[Stored entries]
§ §
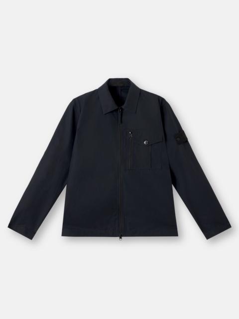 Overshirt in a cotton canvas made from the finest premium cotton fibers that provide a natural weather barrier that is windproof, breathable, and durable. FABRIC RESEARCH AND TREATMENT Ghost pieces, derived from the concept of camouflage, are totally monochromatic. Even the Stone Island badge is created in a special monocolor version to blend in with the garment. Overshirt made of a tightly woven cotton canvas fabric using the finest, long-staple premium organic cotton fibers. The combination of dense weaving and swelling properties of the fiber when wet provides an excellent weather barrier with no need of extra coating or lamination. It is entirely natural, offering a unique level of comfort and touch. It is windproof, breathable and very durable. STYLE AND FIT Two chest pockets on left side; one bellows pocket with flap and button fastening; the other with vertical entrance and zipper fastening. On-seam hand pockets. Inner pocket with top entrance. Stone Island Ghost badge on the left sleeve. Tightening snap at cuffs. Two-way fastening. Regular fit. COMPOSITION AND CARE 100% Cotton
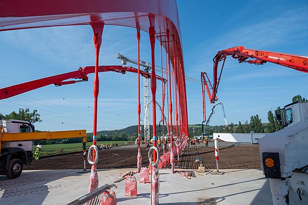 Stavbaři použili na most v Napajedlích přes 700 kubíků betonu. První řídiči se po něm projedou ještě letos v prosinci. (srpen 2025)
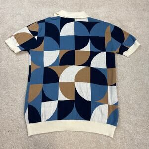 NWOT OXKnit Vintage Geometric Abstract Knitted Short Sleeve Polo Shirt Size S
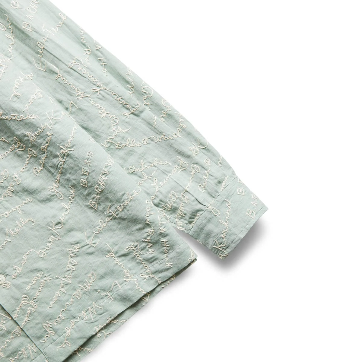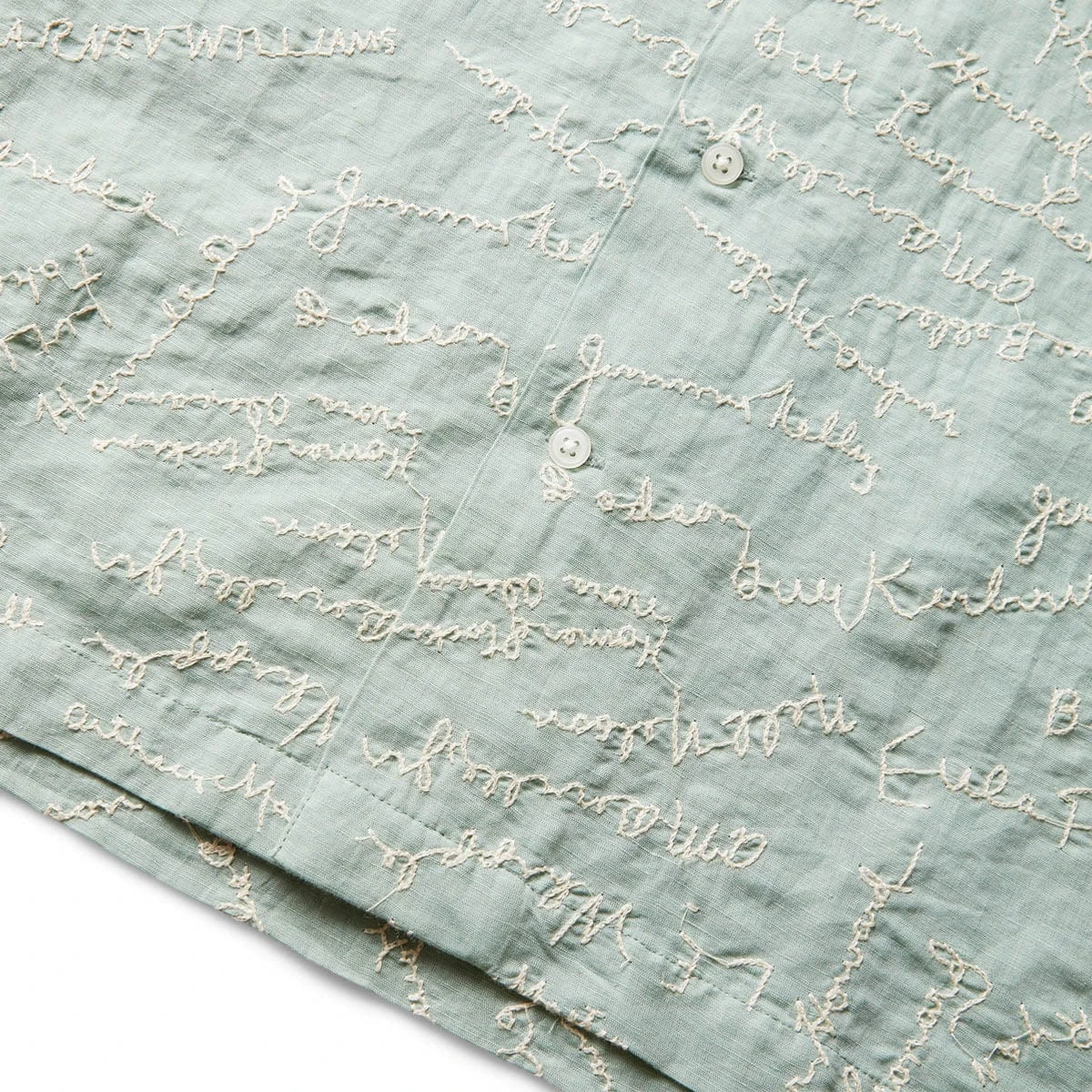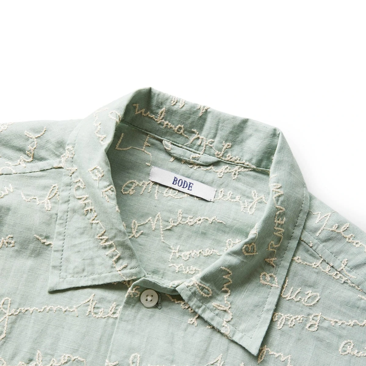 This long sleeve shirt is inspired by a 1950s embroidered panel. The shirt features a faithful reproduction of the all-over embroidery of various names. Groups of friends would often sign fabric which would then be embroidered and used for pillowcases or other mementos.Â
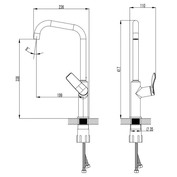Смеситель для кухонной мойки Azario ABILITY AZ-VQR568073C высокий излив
§ §
Because the pictures are not wanted, retype only the text of every record, exactly as given.

| THE COMPLETED TASK |
 Overshirt in a cotton canvas made from the finest premium cotton fibers that provide a natural weather barrier that is windproof, breathable, and durable. FABRIC RESEARCH AND TREATMENT Ghost pieces, derived from the concept of camouflage, are totally monochromatic. Even the Stone Island badge is created in a special monocolor version to blend in with the garment. Overshirt made of a tightly woven cotton canvas fabric using the finest, long-staple premium organic cotton fibers. The combination of dense weaving and swelling properties of the fiber when wet provides an excellent weather barrier with no need of extra coating or lamination. It is entirely natural, offering a unique level of comfort and touch. It is windproof, breathable and very durable. STYLE AND FIT Two chest pockets on left side; one bellows pocket with flap and button fastening; the other with vertical entrance and zipper fastening. On-seam hand pockets. Inner pocket with top entrance. Stone Island Ghost badge on the left sleeve. Tightening snap at cuffs. Two-way fastening. Regular fit. COMPOSITION AND CARE 100% Cotton
 Stavbaři použili na most v Napajedlích přes 700 kubíků betonu. První řídiči se po něm projedou ještě letos v prosinci. (srpen 2025)
 NWOT OXKnit Vintage Geometric Abstract Knitted Short Sleeve Polo Shirt Size S
 This long sleeve shirt is inspired by a 1950s embroidered panel. The shirt features a faithful reproduction of the all-over embroidery of various names. Groups of friends would often sign fabric which would then be embroidered and used for pillowcases or other mementos.Â
Смеситель для кухонной мойки Azario ABILITY AZ-VQR568073C высокий излив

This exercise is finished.